At our recent webinar for the Tenax Fund we showed this longer-term chart of base rates to illustrate quite how steep the recent increases have been, right.

We also observed that the Federal Reserve had done a good job in managing expectations for a speedy reversal.  This week, Chairman Jerome Powell has indicated that, while they are still watching the inflation and employment data closely, they do expect to reduce their rates three times this year.  Further out they are hinting at a slower pace of reductions.  Today the Bank of England has, as expected, maintained the Base Rate at 5.25% but the votes of the Monetary Policy Committee members are now much more in balance with eight voting to hold and one to cut rates.

We expect UK inflation to continue to moderate as we head into the summer and that this will allow the Bank to begin a reduction in rates, probably in June.  We remain of the view that the short-dated end of the Gilt and fixed interest market is attractive, while the medium and longer-dated areas have little to offer and could easily turn volatile again.  Putting this into graphic form (right), shows the reduction in rates since last October (but not in the Base Rate) along with our suggestion that the curve will flatten out, assuming a more ‘normal’ shape over the year.

This view is reflected in the Fund’s asset mix.  Fixed interest assets are the largest portion of the portfolio but are focused at the short-dated end (see below, current overall duration* is just 3.2), where we can see attractive returns/opportunities.  This shows the change over the year to date:

The table, right, shows the overall redemption yield of the fixed and floating rate sections of the Fund’s portfolio, currently 6.0%, a shade lower than last month following the improvement in prices, along with the overall duration.  To stress the point that we have made before, the average time to maturity of this book of bonds is 5 years, the duration at just 3.2 reflects the high coupon (interest) stream that the Fund will be receiving in the meantime.

Activity in the portfolio has been low this month.  We took an attractive new issue of bonds from the Coventry Building Society paying a coupon of 5.875% and maturing in 2030, which we funded with a small reduction in our NatWest bond exposure, along with some of our floating rate notes from TSB Bank.  It has been a positive month for the equity holdings, notably the banks, and for commercial property.  Infrastructure remains under a cloud though, maybe, this is showing a few signs of improvement.

*Duration represents the number of ‘periods’ that it will take to repay an initial investment in a fixed interest security.  It is not the same as the life of the bond or time to maturity, which will be longer.  It can also be viewed as a measure of the sensitivity of the price of a bond to a change in interest rates.

 

 

The above article has been prepared for investment professionals.

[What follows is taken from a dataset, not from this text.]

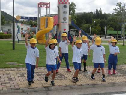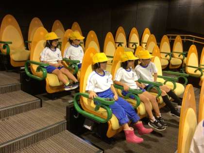 交通安全学習センターでは、まず交通安全について早押しクイズの形式で学習しました。1位から3位まですべて巴ケ丘の子がとりました!

Any other readers should note this content does not constitute advice or a solicitation to buy, sell, or hold any investment. We strongly recommend speaking to an investment adviser before taking any action based on the information contained in this article.

Please also note the value of investments and the income you get from them may fall as well as rise, and there is no certainty that you will get back the amount of your original investment. You should also be aware that past performance may not be a reliable guide to future performance.